(Source data)

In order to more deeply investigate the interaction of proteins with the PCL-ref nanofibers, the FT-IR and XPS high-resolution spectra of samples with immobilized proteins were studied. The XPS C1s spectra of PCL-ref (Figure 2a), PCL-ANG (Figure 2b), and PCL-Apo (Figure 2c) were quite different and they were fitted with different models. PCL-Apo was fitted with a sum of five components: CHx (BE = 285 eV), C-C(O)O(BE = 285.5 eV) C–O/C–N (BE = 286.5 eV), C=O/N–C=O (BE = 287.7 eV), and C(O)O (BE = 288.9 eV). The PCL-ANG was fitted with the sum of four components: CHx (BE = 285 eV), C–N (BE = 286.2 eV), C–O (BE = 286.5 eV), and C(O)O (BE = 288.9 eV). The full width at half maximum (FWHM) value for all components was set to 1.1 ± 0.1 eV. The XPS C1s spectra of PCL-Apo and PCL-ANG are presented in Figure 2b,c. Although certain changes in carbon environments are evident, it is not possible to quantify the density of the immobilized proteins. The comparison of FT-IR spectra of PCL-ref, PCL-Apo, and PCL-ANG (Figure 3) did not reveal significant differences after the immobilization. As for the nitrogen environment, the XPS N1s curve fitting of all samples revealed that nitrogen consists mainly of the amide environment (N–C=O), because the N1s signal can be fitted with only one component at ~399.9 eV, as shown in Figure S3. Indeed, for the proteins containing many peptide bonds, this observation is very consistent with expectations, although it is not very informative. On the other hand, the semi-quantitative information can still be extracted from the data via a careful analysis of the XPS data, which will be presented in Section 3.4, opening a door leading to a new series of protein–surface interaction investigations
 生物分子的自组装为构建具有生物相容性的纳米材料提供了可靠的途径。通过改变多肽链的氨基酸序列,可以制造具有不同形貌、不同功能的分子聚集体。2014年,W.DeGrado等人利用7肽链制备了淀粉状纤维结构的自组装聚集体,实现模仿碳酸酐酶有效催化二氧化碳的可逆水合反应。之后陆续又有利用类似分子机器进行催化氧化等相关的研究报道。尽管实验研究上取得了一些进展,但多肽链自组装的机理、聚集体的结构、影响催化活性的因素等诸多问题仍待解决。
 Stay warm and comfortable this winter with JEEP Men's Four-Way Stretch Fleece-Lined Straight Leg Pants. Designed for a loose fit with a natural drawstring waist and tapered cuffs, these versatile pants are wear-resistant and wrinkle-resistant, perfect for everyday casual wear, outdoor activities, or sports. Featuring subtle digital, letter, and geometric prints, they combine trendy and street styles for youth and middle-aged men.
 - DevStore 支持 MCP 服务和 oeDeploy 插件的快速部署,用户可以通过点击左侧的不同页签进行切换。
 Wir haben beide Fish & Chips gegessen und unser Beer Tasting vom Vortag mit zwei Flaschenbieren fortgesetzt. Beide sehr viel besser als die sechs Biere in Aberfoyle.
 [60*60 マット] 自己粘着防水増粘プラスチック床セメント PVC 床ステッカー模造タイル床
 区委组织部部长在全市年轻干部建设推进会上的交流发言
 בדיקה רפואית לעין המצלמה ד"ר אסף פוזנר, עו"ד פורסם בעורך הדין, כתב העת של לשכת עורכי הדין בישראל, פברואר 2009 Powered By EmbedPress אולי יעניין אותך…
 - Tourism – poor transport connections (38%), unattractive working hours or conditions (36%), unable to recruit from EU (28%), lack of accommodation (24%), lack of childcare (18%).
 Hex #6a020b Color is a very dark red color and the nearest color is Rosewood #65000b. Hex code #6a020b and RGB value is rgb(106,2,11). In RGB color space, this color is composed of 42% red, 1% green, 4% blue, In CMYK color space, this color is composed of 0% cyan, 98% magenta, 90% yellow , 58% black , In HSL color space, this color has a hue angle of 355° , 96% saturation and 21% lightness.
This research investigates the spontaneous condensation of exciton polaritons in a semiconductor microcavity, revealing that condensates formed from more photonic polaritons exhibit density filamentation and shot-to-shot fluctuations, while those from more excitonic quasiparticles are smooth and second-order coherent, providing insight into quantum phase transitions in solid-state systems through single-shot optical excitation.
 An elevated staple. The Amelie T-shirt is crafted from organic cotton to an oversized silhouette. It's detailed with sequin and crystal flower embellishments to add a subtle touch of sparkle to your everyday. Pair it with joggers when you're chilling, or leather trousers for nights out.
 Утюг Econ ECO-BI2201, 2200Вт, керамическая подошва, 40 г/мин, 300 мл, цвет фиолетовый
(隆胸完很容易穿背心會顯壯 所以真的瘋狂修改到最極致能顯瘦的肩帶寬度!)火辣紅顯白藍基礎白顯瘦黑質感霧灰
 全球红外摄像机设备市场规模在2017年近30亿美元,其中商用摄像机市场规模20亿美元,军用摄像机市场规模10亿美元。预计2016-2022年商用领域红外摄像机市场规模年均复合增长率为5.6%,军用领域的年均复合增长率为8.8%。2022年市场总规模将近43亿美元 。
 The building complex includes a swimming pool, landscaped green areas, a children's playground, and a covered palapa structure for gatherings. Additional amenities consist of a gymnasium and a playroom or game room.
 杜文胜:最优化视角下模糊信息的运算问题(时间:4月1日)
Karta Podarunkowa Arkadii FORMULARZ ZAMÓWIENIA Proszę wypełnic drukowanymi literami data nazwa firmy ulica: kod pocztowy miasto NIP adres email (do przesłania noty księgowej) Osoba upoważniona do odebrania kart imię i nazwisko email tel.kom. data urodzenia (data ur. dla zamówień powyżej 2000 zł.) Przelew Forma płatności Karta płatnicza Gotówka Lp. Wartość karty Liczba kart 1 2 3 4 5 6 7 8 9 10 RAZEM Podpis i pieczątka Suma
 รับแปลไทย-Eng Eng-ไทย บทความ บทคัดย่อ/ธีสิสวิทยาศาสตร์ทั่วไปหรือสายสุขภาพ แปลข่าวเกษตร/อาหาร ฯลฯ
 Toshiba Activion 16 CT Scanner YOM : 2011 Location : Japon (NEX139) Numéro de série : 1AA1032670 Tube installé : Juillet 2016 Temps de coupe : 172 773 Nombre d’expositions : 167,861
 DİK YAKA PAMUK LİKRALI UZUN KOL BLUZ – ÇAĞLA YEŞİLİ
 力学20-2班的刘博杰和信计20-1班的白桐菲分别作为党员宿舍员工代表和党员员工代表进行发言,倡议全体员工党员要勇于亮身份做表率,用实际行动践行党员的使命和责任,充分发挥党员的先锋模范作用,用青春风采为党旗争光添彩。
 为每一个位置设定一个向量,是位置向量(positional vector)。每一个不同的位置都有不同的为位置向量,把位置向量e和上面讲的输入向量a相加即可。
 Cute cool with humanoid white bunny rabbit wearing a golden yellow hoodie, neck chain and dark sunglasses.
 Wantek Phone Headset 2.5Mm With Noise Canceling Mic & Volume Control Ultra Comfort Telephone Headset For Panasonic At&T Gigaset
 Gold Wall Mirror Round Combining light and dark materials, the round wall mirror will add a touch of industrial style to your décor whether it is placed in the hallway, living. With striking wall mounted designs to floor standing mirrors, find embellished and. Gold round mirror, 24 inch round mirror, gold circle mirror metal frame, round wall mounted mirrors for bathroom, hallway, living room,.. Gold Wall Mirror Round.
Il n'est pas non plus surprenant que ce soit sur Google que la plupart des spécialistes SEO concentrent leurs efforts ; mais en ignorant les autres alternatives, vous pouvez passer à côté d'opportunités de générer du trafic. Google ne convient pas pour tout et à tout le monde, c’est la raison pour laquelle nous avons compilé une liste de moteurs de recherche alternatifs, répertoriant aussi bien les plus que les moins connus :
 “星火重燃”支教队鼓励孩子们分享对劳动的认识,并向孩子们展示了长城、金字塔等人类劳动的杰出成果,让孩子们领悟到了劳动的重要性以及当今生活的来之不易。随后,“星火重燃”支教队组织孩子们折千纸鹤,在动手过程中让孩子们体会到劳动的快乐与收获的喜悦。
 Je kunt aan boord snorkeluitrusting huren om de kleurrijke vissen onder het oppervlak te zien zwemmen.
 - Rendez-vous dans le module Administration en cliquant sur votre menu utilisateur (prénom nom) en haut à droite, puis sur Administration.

> [Problem requirements]:
In the entries above, find each line that has the word "yellow". Copy it.

> [Exercise response]:
 Hex #6a020b Color is a very dark red color and the nearest color is Rosewood #65000b. Hex code #6a020b and RGB value is rgb(106,2,11). In RGB color space, this color is composed of 42% red, 1% green, 4% blue, In CMYK color space, this color is composed of 0% cyan, 98% magenta, 90% yellow , 58% black , In HSL color space, this color has a hue angle of 355° , 96% saturation and 21% lightness.
 Cute cool with humanoid white bunny rabbit wearing a golden yellow hoodie, neck chain and dark sunglasses.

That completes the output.